**GOAL OF THE EXERCISE:** Below are records to be repeated exactly. Leave their pictures behind.

**MATERIAL FOR THIS TASK:**
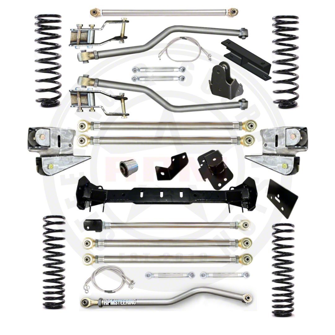 Application. This RPM Steering Ultimate Long Arm Suspension Lift Kit fits 2020–2025 Jeep Gladiator JT 3.6L models with aftermarket axles. It supports up to 37-inch tires and transforms your Gladiator into a serious off-road machine with improved travel, geometry correction, and articulation.
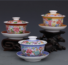 珐琅彩富贵花鸟万花盖碗套组 (蓝边 红边 黄边)
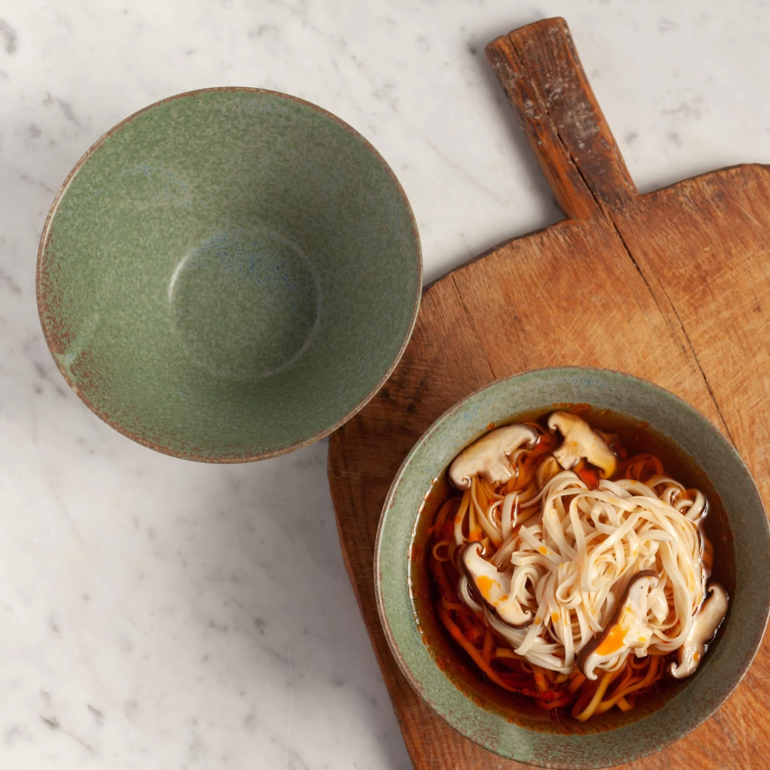 Fired in Japan’s Gifu Prefecture, an area famous for its tablewares, these ohgigatadon-style ramen bowls are functional and contemporary. Hand-glazed with a stunning mottled/matte finish, the stoneware bowls are equal parts durable and elegant. The mossy color was inspired by Japan’s beautiful gardens and the easily stackable fan-shaped design—a sleeker take on the traditional shape—is a popular choice among Japan’s high-end eateries. The bowls come in a set of two.
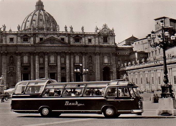 Ik denk niet dat er rooms-katholieke touringcars bestaan. Er zijn wel Pausmobielen, maar die zijn van een andere orde en vooral: van een andere grootte. Deze bus, een Scania Vabis van de firma Beuk uit Noordwijk deed evenwel een amechtige poging om alsnog zalig verklaard te worden door zich ostentatief op te stellen voor de St. Pieter in Rome. “Quo Vadis, Scania Vabis?” zong Neerlands Hoop 40 jaar geleden al en misschien was die vraag wel aan de firma Beuk gericht.
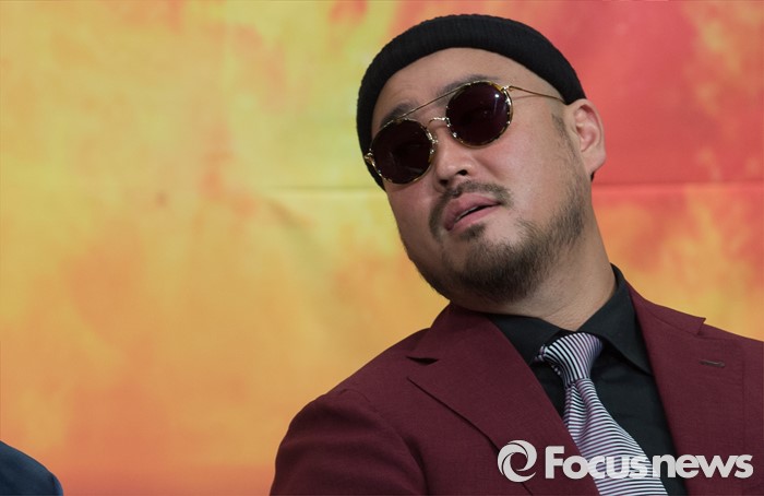 (서울=포커스뉴스) 13일 오전 서울 영등포구 타임스퀘어 아모리스홀에서 열린 Mnet '쇼미더머니5' 제작발표회에 참석한 래퍼 길이 문을 받고 있다.
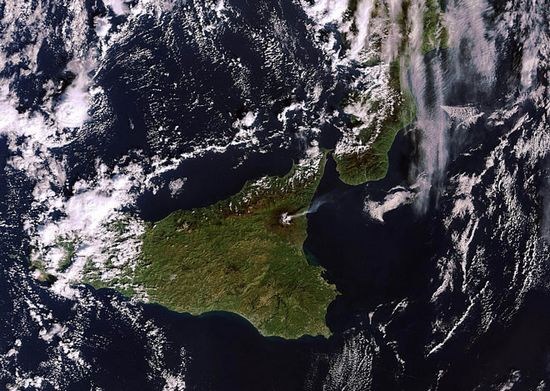 这张照片接收于2011年1月11日,意大利埃特纳火山正向大气层喷出滚滚浓烟。这次火山喷发在次日愈演愈烈,并在夜里达到顶峰。
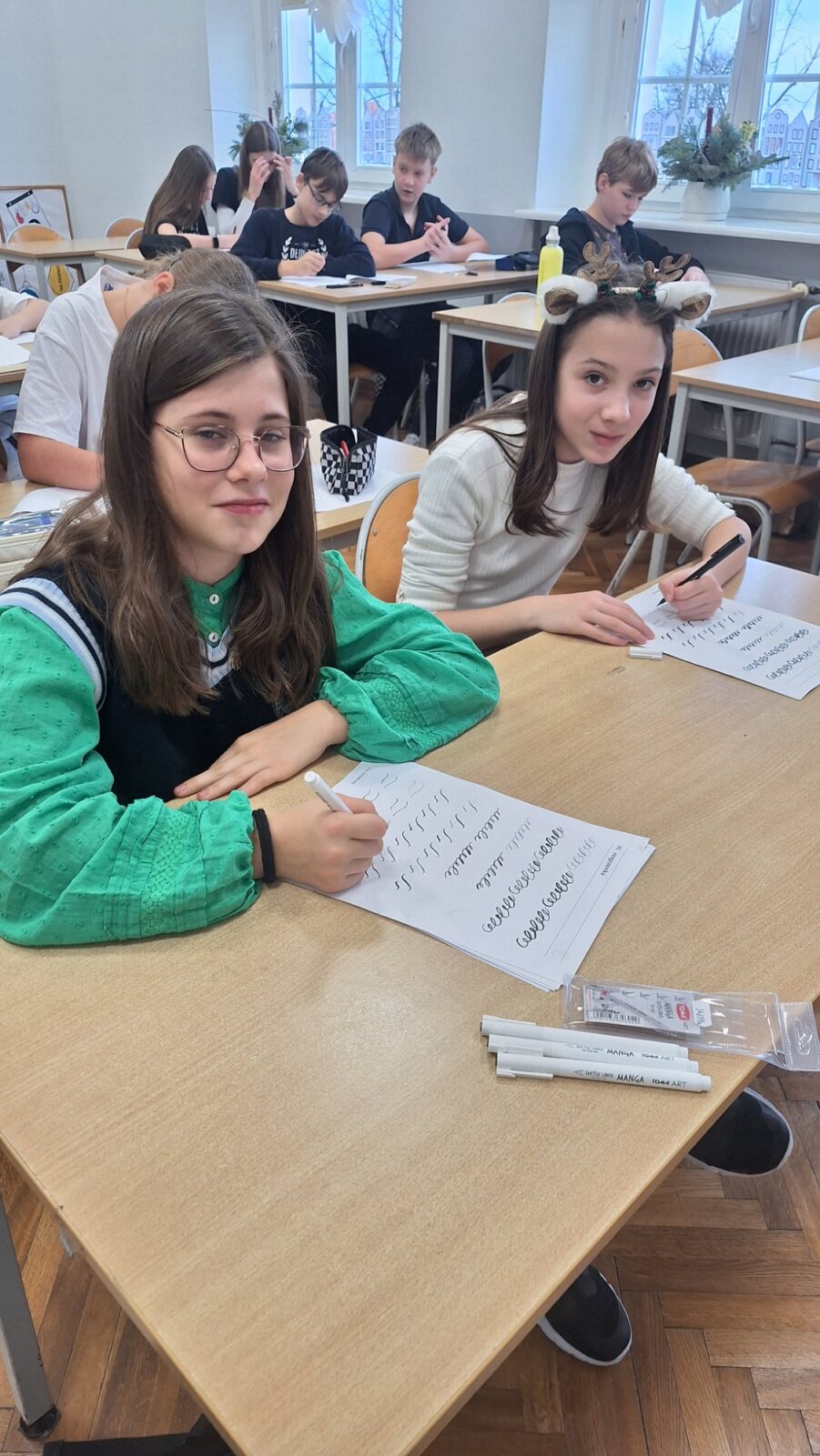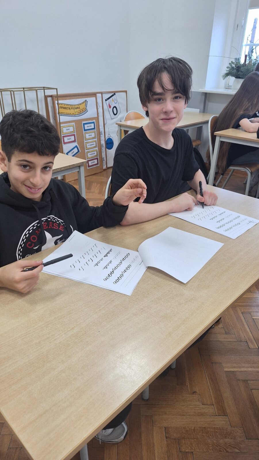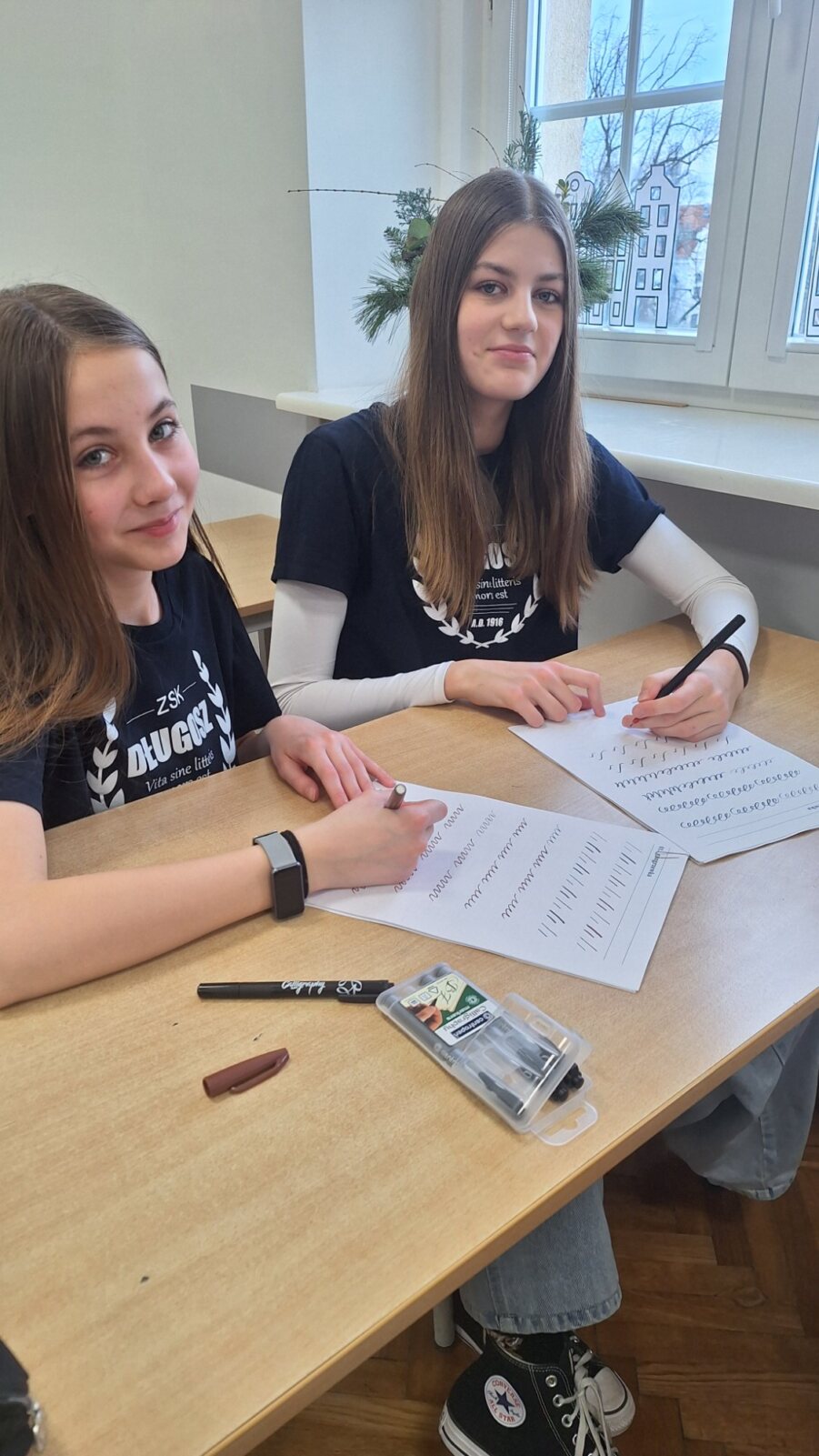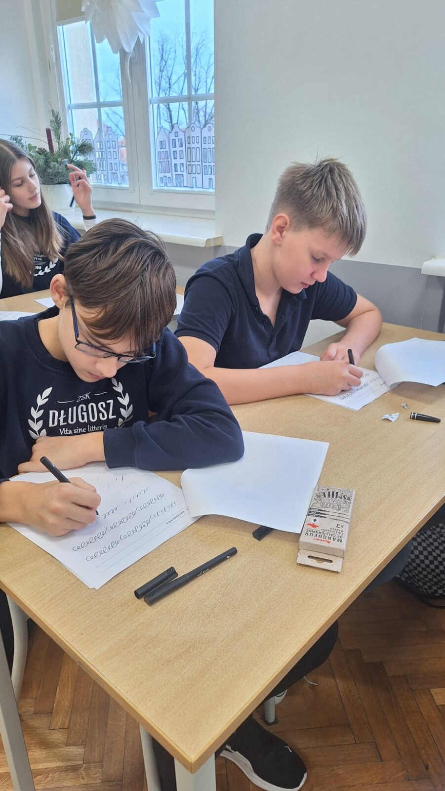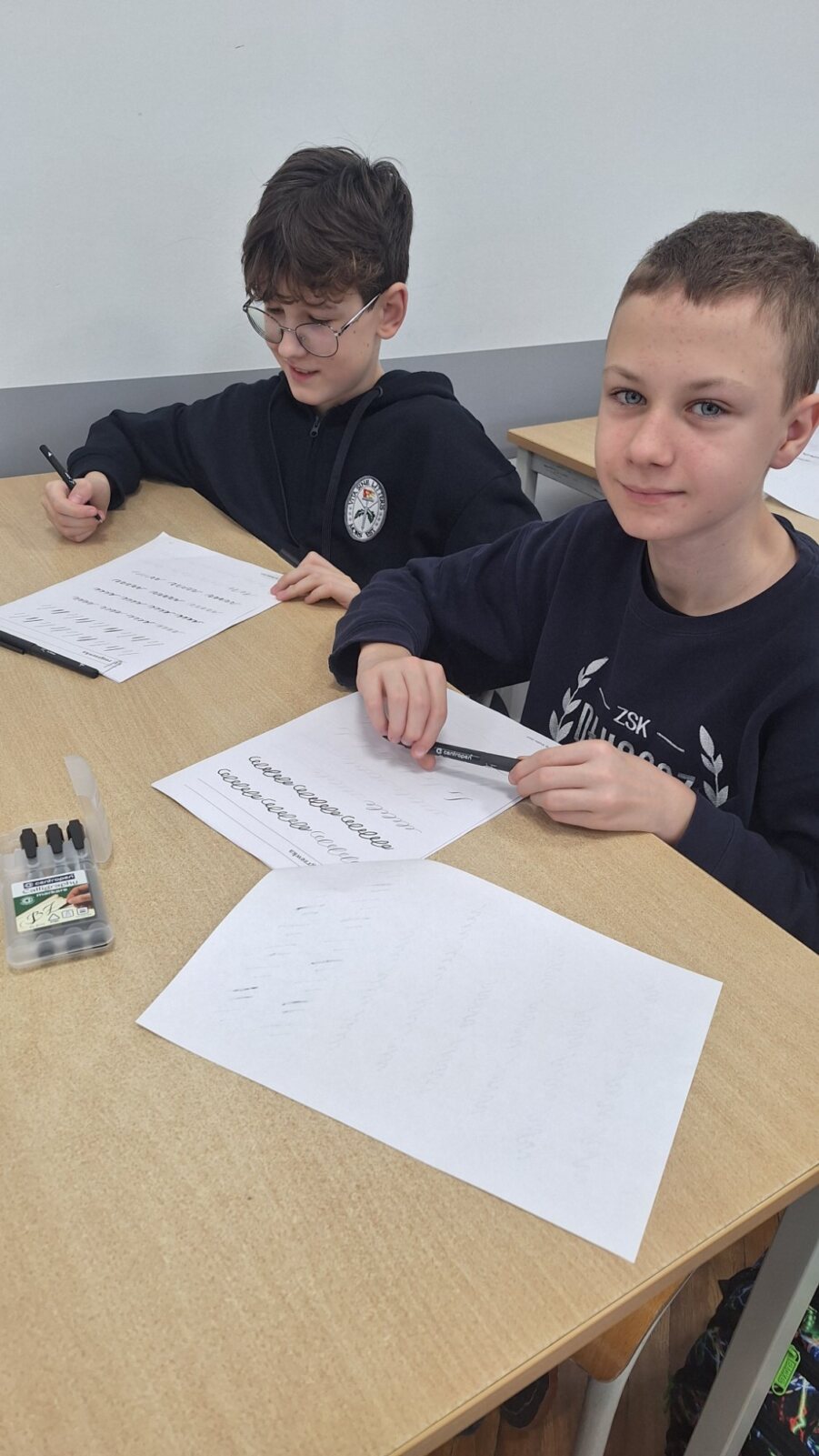 Zdobycie umiejętności pięknego pisania okazało się jednak niezwykle trudną sztuką. Dlatego zdecydowaliśmy się zacząć od łatwiejszej formy, zastępując stalówkę i atrament – specjalnym pisakiem.

**EXERCISE OUTPUT:**
 Application. This RPM Steering Ultimate Long Arm Suspension Lift Kit fits 2020–2025 Jeep Gladiator JT 3.6L models with aftermarket axles. It supports up to 37-inch tires and transforms your Gladiator into a serious off-road machine with improved travel, geometry correction, and articulation.
 珐琅彩富贵花鸟万花盖碗套组 (蓝边 红边 黄边)
 Fired in Japan’s Gifu Prefecture, an area famous for its tablewares, these ohgigatadon-style ramen bowls are functional and contemporary. Hand-glazed with a stunning mottled/matte finish, the stoneware bowls are equal parts durable and elegant. The mossy color was inspired by Japan’s beautiful gardens and the easily stackable fan-shaped design—a sleeker take on the traditional shape—is a popular choice among Japan’s high-end eateries. The bowls come in a set of two.
 Ik denk niet dat er rooms-katholieke touringcars bestaan. Er zijn wel Pausmobielen, maar die zijn van een andere orde en vooral: van een andere grootte. Deze bus, een Scania Vabis van de firma Beuk uit Noordwijk deed evenwel een amechtige poging om alsnog zalig verklaard te worden door zich ostentatief op te stellen voor de St. Pieter in Rome. “Quo Vadis, Scania Vabis?” zong Neerlands Hoop 40 jaar geleden al en misschien was die vraag wel aan de firma Beuk gericht.
 (서울=포커스뉴스) 13일 오전 서울 영등포구 타임스퀘어 아모리스홀에서 열린 Mnet '쇼미더머니5' 제작발표회에 참석한 래퍼 길이 문을 받고 있다.
 这张照片接收于2011年1月11日,意大利埃特纳火山正向大气层喷出滚滚浓烟。这次火山喷发在次日愈演愈烈,并在夜里达到顶峰。
 Zdobycie umiejętności pięknego pisania okazało się jednak niezwykle trudną sztuką. Dlatego zdecydowaliśmy się zacząć od łatwiejszej formy, zastępując stalówkę i atrament – specjalnym pisakiem.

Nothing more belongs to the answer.